Hocus Pocus by A. W. Jantha

Hocus Pocus by A. W. Jantha

Author:A. W. Jantha [Jantha, A. W.]
Language: eng
Format: epub
Publisher: Disney Book Group
Published: 2022-08-02T00:00:00+00:00


INIFRED GROANED when she saw her reanimated ex scrounging in the dirt to find his own head.

“Ah, crust,” she said. “He’s lost his head.” She launched herself and her broom into a tight, angry circle. “Damn that Thackery Binx!” she cried. “Damn him!”

Beneath her, Billy bleated through his mouth stitches.

“Which way did they go?” Winifred asked, guiding herself closer to him.

He couldn’t speak, of course, but he didn’t point the way, either. She realized he must have gotten directionally confused when his skull went spinning. She looked around the graveyard and noticed a tunnel entrance partially hidden by climbing vines. The twigs around it were broken as if they’d been repeatedly trodden on.

“Billy,” she snapped, turning back to his desiccated corpse. “Listen to me.” His skin and spine crackled and popped as he forced his head back onto his body. “Follow those children, you maggot museum, and get my book. Then come find us; we’ll be ready for them.” She drifted backward, offended by the intensity of the dislike in his eyes. “Quit staring at me. Get moving down that hole.” With that, she led her sisters back over the graveyard fence, muttering “Damn. Double damn!”

Winifred landed lightly on the walk beyond the graveyard gate. In the distance she could see the bell tower of the small graveyard chapel, its delicate lines and single bell outlined white by the pale moon.

As Winifred hurried to the fence, she felt a shock of remembrance from having walked that precise path before. She’d stood there and clutched the gate and watched a graveyard wedding take place more than three hundred years before—had watched another Sanderson say her vows in the only place where Winifred and her sisters didn’t dare intervene.

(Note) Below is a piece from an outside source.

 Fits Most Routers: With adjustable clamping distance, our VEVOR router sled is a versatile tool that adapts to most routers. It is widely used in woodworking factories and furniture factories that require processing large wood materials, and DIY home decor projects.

“They’re here,” Winifred said. She could’ve meant the children, or she could’ve meant the wedding party. For a moment, even Winifred wasn’t sure.

The fence was wrapped with tendrils of dead and dying English ivy, and as she pressed her fingertips to the rough bodies of the vines, she imagined her own mortality and shuddered. It brought her back to the year 1993 and to the task very much at hand. “The children,” she said, her voice gaining strength. “And that flea-riddled cat. I know they’re here, but where are they?” She turned her face toward her brunet sister. “Sniff them out, Mary.” She ignored Sarah entirely, who had started to climb the gate—but to what end, if they could not step foot on hallowed ground?

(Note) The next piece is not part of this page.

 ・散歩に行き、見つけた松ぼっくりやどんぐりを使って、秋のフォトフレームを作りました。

Mary clenched her fists and breathed deeply. “They’re, they’re . . .” She pressed her face against the iron bars and gave a plaintive sigh. “Oh, I can’t. They’ve gone too far. I’ve lost them.”

Winifred snatched the lobe of Mary’s left ear and dragged her away from the fence. “I’ll have your guts for garters, girl,” she said, shoving her sister away. “Confound you!” Mary clutched at her aching ear, sniveling. “Very well,” said Winifred, almost to herself, “we must outwit them. When Billy the butcher gets here with my book, we shall be ready for them.